[Data shown Boundary: Start]
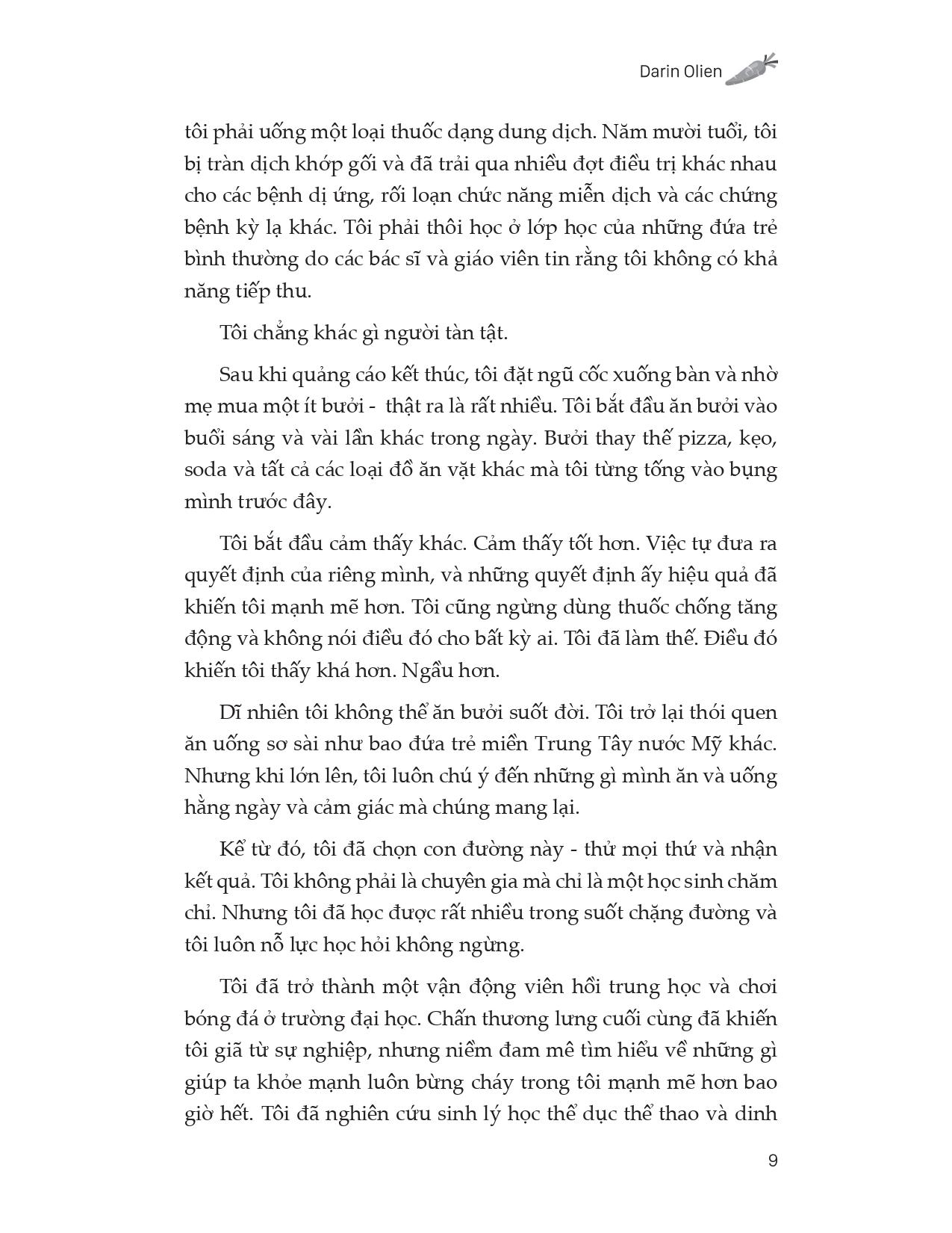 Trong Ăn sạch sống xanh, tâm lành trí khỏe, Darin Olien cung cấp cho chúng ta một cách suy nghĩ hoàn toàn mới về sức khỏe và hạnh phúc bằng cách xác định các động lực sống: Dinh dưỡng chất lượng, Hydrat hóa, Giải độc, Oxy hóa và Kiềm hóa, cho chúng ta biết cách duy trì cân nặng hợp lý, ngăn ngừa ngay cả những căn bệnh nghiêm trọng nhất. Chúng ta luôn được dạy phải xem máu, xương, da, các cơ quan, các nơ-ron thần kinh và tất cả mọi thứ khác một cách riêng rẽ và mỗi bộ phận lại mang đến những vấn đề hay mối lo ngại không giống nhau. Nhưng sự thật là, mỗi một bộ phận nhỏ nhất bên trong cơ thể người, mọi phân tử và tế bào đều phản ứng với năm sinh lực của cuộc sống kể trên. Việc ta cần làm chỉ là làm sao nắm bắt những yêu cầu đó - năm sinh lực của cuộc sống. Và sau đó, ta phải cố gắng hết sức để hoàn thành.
[Data shown Boundary: End]
[Data shown Boundary: Start]
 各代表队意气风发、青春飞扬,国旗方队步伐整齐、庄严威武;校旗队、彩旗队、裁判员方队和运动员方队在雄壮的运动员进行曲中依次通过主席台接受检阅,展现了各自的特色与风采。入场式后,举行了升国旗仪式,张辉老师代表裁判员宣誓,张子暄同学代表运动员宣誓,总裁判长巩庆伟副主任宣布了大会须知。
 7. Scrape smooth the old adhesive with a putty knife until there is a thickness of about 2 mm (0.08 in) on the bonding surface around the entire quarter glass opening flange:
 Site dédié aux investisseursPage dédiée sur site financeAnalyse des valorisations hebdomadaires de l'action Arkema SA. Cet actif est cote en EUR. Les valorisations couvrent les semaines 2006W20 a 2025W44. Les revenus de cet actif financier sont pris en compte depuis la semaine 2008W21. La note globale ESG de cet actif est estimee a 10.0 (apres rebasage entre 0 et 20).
[Data shown Boundary: End]
* **Required action**:
Take the lines above from the one containing "7. Scrape smooth" to the one containing "Site dédié aux" and retype them exactly, both ends included, with nothing added.

* **Answer box**:
 7. Scrape smooth the old adhesive with a putty knife until there is a thickness of about 2 mm (0.08 in) on the bonding surface around the entire quarter glass opening flange:
 Site dédié aux investisseursPage dédiée sur site financeAnalyse des valorisations hebdomadaires de l'action Arkema SA. Cet actif est cote en EUR. Les valorisations couvrent les semaines 2006W20 a 2025W44. Les revenus de cet actif financier sont pris en compte depuis la semaine 2008W21. La note globale ESG de cet actif est estimee a 10.0 (apres rebasage entre 0 et 20).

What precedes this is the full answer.